* [What is required]
Could you give back every entry below exactly, with the pictures dropped?

* [Supplied material]

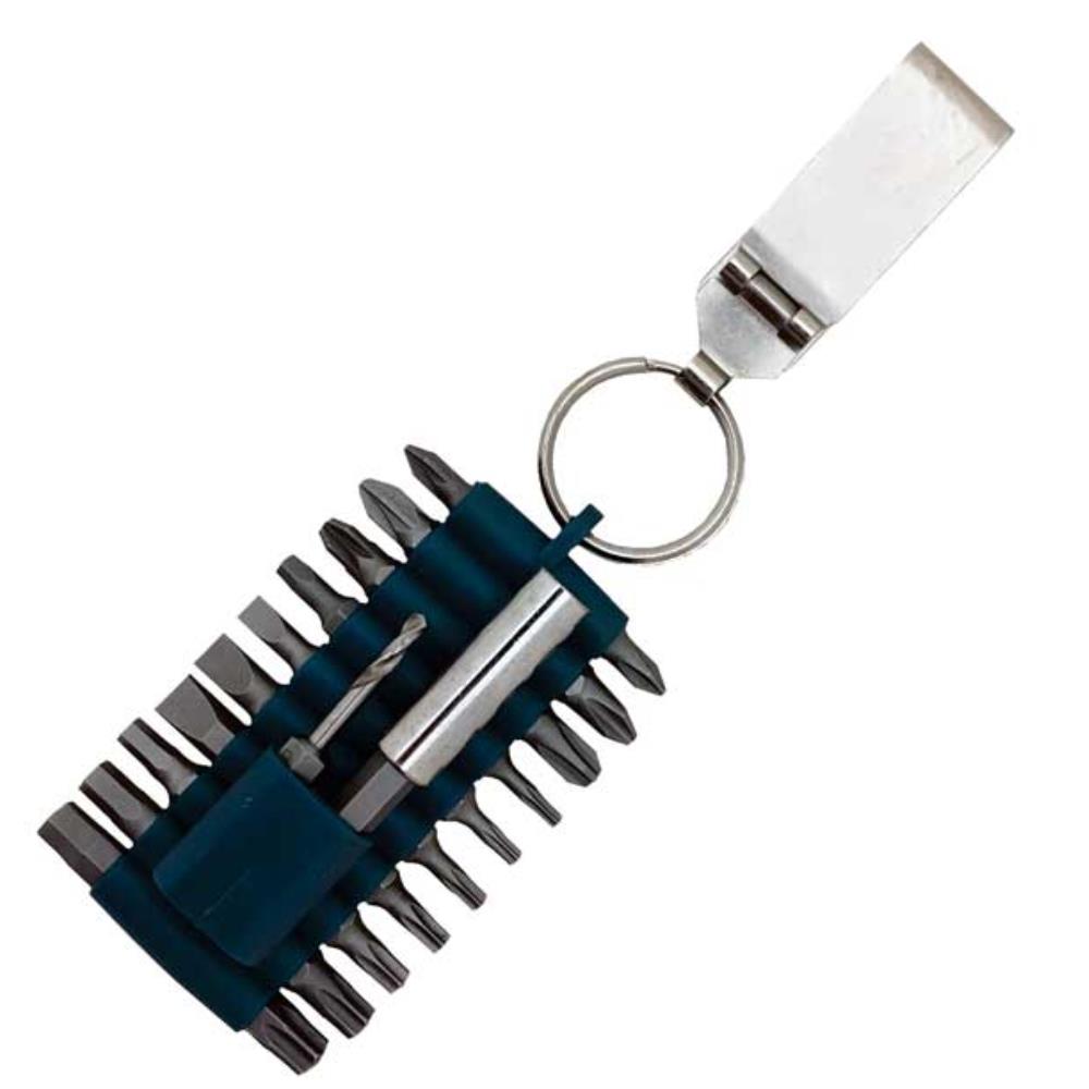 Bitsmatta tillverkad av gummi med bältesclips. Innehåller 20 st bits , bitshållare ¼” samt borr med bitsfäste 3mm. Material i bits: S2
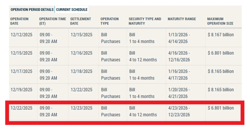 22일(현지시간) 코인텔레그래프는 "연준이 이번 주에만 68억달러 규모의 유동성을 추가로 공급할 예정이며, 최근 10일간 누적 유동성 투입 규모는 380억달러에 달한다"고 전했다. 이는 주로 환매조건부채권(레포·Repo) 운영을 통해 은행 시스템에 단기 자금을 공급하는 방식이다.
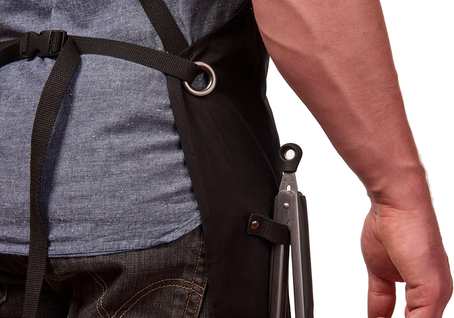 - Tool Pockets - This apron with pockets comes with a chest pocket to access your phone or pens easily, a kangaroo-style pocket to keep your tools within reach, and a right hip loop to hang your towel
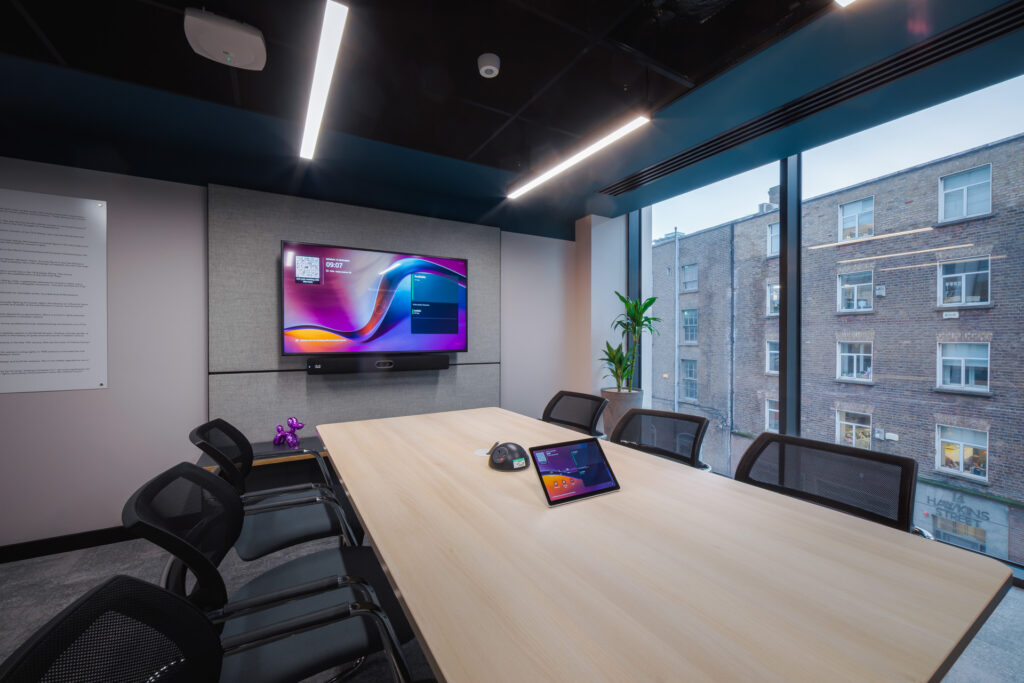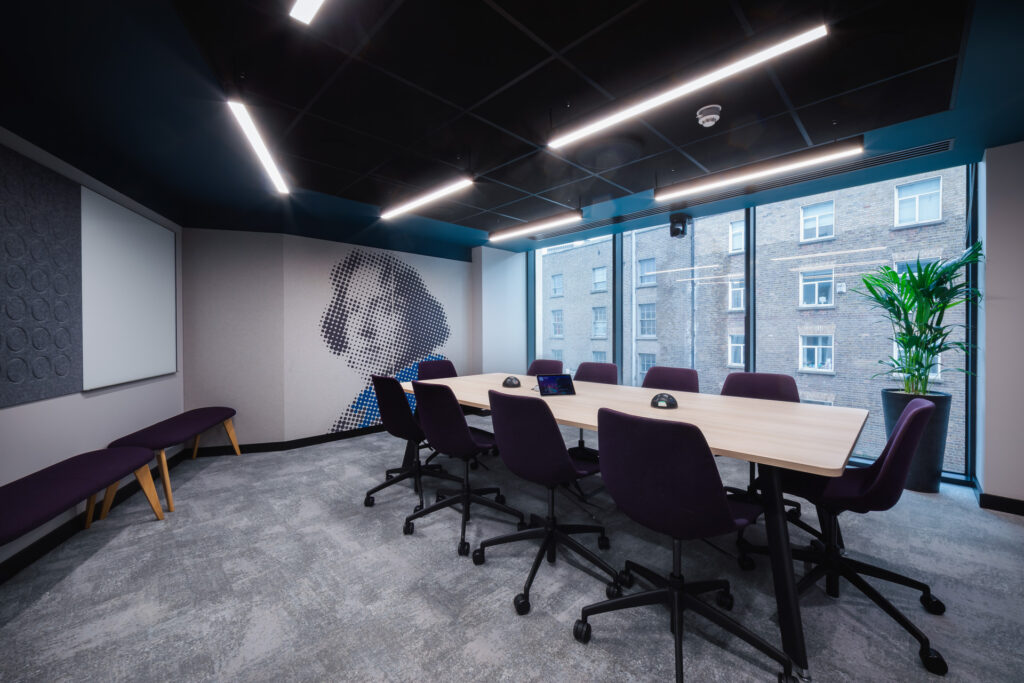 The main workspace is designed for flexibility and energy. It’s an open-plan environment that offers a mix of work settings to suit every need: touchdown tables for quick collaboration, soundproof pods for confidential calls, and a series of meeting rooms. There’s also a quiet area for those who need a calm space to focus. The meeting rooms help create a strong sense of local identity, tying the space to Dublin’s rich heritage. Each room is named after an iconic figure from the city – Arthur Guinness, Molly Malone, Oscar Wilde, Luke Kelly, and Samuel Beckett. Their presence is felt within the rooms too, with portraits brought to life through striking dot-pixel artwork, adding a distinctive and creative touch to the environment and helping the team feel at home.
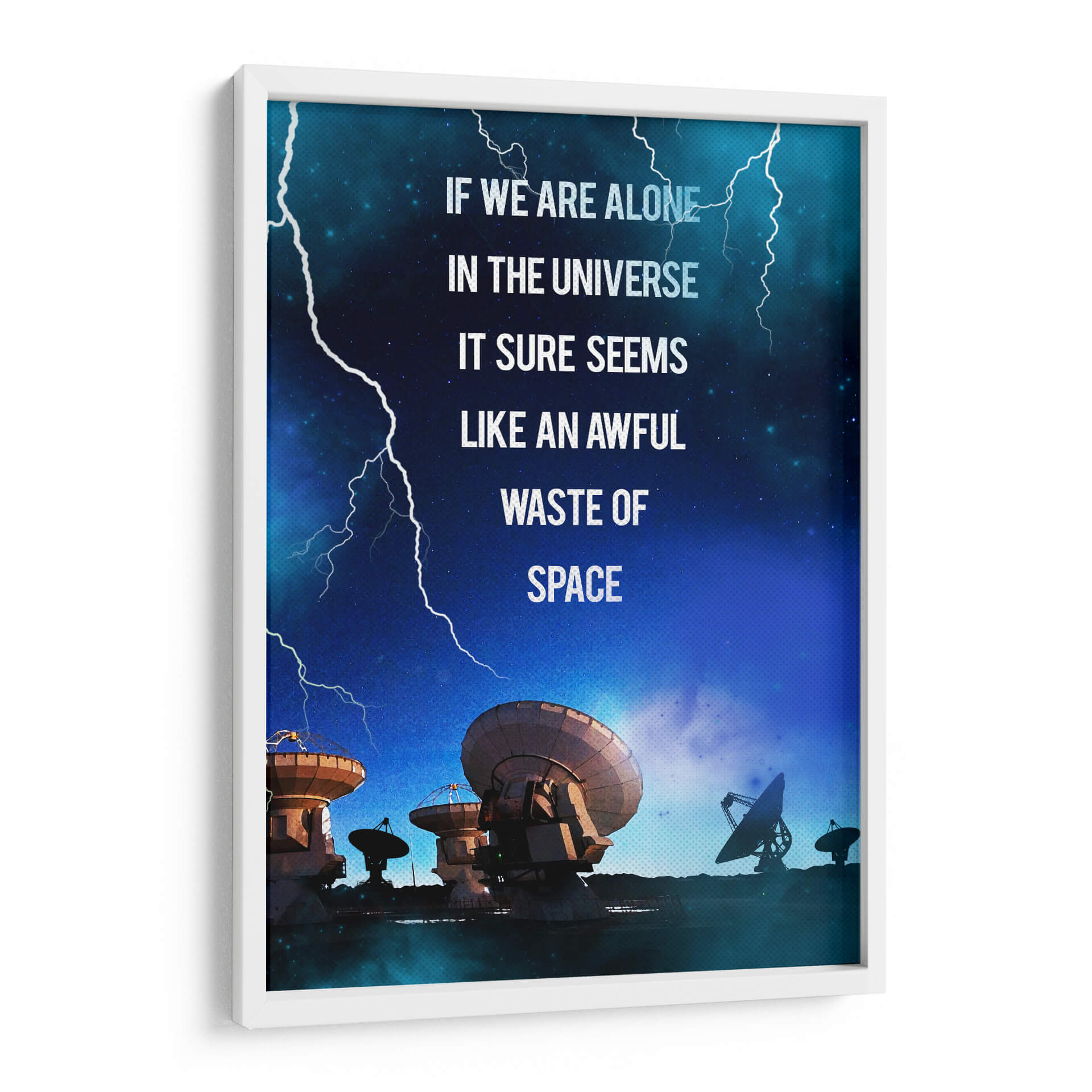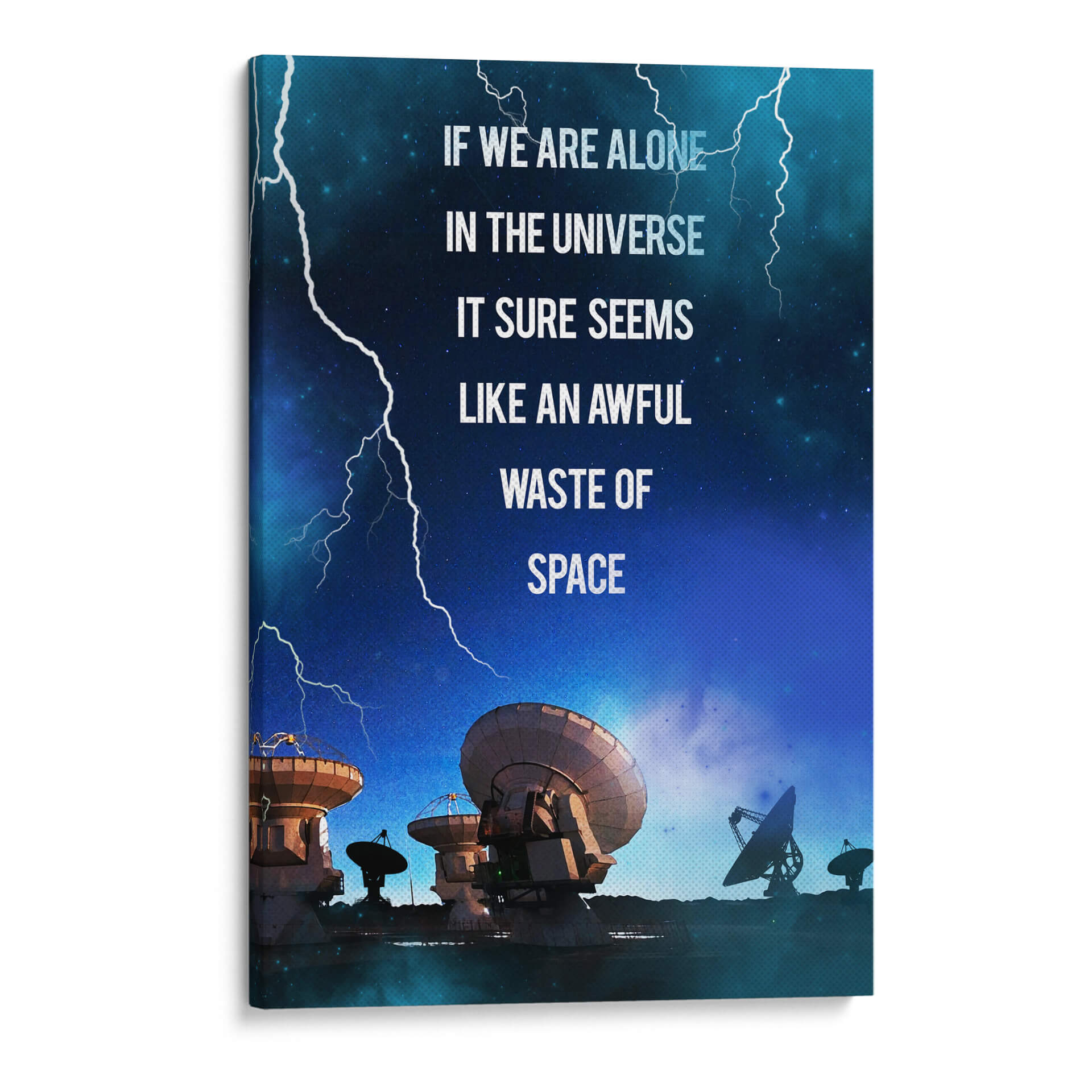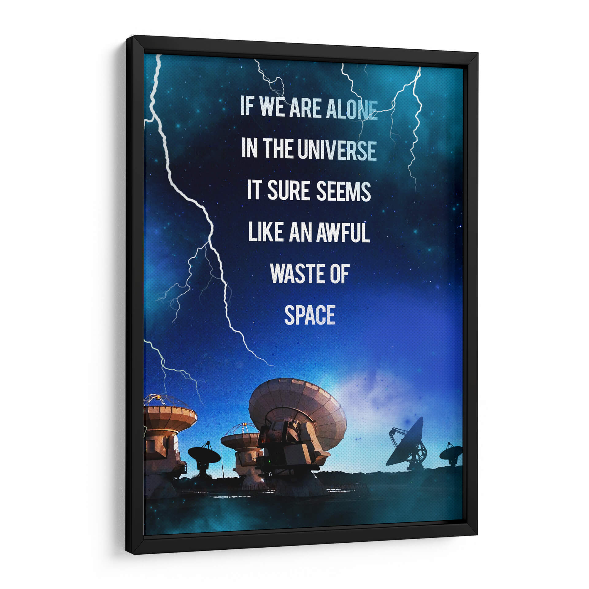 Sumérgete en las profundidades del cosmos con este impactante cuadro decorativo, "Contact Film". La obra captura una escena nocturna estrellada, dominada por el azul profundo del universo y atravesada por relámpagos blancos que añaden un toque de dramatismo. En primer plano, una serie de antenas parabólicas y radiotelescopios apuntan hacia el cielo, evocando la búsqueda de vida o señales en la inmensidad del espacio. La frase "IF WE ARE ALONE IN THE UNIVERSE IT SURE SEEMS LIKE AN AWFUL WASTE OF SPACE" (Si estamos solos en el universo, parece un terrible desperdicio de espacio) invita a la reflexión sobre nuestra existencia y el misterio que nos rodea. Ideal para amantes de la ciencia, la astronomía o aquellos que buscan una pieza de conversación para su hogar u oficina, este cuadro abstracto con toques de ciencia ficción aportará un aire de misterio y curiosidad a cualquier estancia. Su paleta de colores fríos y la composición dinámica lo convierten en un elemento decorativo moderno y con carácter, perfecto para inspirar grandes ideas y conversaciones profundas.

* [Solution for this task]
 Bitsmatta tillverkad av gummi med bältesclips. Innehåller 20 st bits , bitshållare ¼” samt borr med bitsfäste 3mm. Material i bits: S2
 22일(현지시간) 코인텔레그래프는 "연준이 이번 주에만 68억달러 규모의 유동성을 추가로 공급할 예정이며, 최근 10일간 누적 유동성 투입 규모는 380억달러에 달한다"고 전했다. 이는 주로 환매조건부채권(레포·Repo) 운영을 통해 은행 시스템에 단기 자금을 공급하는 방식이다.
 - Tool Pockets - This apron with pockets comes with a chest pocket to access your phone or pens easily, a kangaroo-style pocket to keep your tools within reach, and a right hip loop to hang your towel
 The main workspace is designed for flexibility and energy. It’s an open-plan environment that offers a mix of work settings to suit every need: touchdown tables for quick collaboration, soundproof pods for confidential calls, and a series of meeting rooms. There’s also a quiet area for those who need a calm space to focus. The meeting rooms help create a strong sense of local identity, tying the space to Dublin’s rich heritage. Each room is named after an iconic figure from the city – Arthur Guinness, Molly Malone, Oscar Wilde, Luke Kelly, and Samuel Beckett. Their presence is felt within the rooms too, with portraits brought to life through striking dot-pixel artwork, adding a distinctive and creative touch to the environment and helping the team feel at home.
 Sumérgete en las profundidades del cosmos con este impactante cuadro decorativo, "Contact Film". La obra captura una escena nocturna estrellada, dominada por el azul profundo del universo y atravesada por relámpagos blancos que añaden un toque de dramatismo. En primer plano, una serie de antenas parabólicas y radiotelescopios apuntan hacia el cielo, evocando la búsqueda de vida o señales en la inmensidad del espacio. La frase "IF WE ARE ALONE IN THE UNIVERSE IT SURE SEEMS LIKE AN AWFUL WASTE OF SPACE" (Si estamos solos en el universo, parece un terrible desperdicio de espacio) invita a la reflexión sobre nuestra existencia y el misterio que nos rodea. Ideal para amantes de la ciencia, la astronomía o aquellos que buscan una pieza de conversación para su hogar u oficina, este cuadro abstracto con toques de ciencia ficción aportará un aire de misterio y curiosidad a cualquier estancia. Su paleta de colores fríos y la composición dinámica lo convierten en un elemento decorativo moderno y con carácter, perfecto para inspirar grandes ideas y conversaciones profundas.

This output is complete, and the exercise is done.